L’admirable ami râle

L’amiral Pascal reprend du service

Sans vice mais avec persévérance : père sévère en ce

Jour de réalisation / réanimation / réaffirmation / réaction / réabonnement  réapparition  / réarmement / réassortiment / réapprovisionnement / réaménagement / réadmission / réadaptation / réajustement / réaction /

« Réa » rien à voir avec la monnaie espagnole ni les galères / encore que ?

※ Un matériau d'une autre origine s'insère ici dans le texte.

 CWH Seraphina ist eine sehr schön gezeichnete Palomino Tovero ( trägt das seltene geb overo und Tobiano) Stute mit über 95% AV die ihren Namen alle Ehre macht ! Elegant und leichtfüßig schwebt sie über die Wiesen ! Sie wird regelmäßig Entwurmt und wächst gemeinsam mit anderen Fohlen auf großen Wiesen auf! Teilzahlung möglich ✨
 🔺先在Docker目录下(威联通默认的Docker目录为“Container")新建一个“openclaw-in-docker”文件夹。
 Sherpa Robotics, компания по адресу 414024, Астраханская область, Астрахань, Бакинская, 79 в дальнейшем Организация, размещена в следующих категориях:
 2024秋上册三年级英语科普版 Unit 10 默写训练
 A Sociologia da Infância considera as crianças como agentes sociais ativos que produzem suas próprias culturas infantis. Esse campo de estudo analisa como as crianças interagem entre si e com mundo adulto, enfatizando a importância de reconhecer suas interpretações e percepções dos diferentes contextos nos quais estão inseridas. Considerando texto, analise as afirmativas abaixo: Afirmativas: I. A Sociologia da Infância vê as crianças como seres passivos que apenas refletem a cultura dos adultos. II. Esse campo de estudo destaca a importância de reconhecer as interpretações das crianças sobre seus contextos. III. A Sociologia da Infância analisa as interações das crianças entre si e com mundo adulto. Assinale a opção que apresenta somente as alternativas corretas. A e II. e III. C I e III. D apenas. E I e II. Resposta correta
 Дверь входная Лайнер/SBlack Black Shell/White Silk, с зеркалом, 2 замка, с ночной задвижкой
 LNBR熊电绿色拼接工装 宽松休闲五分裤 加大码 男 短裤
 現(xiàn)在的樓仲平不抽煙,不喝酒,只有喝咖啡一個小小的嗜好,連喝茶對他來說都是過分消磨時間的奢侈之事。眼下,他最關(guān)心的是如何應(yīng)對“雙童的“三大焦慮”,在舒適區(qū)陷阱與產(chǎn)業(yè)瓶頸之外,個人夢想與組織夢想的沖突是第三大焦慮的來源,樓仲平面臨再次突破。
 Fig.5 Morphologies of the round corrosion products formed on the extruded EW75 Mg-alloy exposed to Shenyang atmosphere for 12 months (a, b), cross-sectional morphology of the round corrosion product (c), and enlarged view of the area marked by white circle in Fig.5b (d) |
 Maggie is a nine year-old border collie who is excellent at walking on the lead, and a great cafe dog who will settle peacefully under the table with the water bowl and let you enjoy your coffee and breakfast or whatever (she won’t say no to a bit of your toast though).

La flottille augmentée d’une dernière couvée prend ses aises sur le carton blanc forcément brillant

Et l’âme y râle in petto vitupérant la dis

Position (noter l’enjambement : analogie avec la posture du preneur d’images)

Le corps du faux tôt graphe enjambe les décors

A seule fin de saisir la flottille dans sa focale

« Réa » facteur de (réa ne pas convoquer le contexte hospitalier mais ça s’impose comme dit le père sceptre heurts)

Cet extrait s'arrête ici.